Let's start from a general PoV:

The signature algorithm used by this document targeted for PS is an
elliptical curve cryptography (ECC) algorithm.

Most international and national standards, including Standards Track
RFCs, have adopted the generic presentation formats for the parameters
to be passed in and out of the (software/hardware) 'black boxes'
implementing ECC originally specified in the SEC-1 Standard.
What matters for DNSSEC is the representation of ECC public keys.
These are points on an elliptic curve over a finite field.

In DNSEXT I had requested that this draft also make use of the
basic ECpoint format commonly used in other protocols and most
standards for the representation of its public keys in DNSSEC
resource records.  This should further modularity and thus likely
increase software quality and hence security.
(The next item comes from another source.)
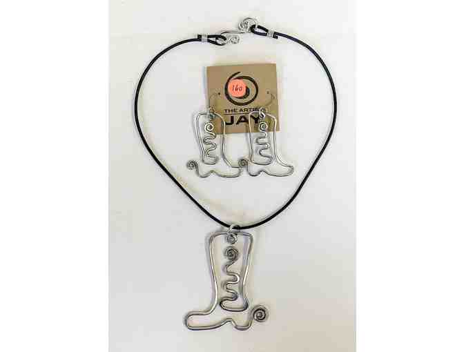 Cowboy Boot Matching set of handmade silver necklace and pair of earrings

However, the authors have harshly rejected this call for uniformity,
based on a few specialized implementations where the implementers
apparently have not been aware of more than a decade of standardization
efforts for ECC.
I did not keep this discussion on namedroppers because IMHO this is
a question at the architectural level that needs to be dealt with in
the IETF at large.

I therefore repeat here my request to replace the ad-hoc representation
of the EC public keys in the draft with the ECpoint format described in
the SEC-1 standard; in particular, Algorithms 2.3.3 and 2.3.4 of SEC-1
describe the conversion of an abstract EC point into an octet string
and vice versa, respectively.  These algorithms should be used to
encode/decode the wire format of the EC points used as publik keys.
The abstraction provided by these algorithms allows implementations
to use any internal representation of EC points they seem fit but
make use of an interface that is not different from that for other
EC algorithms.

Admittedly, the IETF had been lulled some time ago and missed putting
emphasis on homogenous interfaces when RFCs 4490 and 4491 have been
adopted, and these two RFCs suffer from a similar deficiency.
I have filed defect reports as Technical Errata against these RFCs
(EID=1884 and 1885, respectively) to raise awareness of this issue.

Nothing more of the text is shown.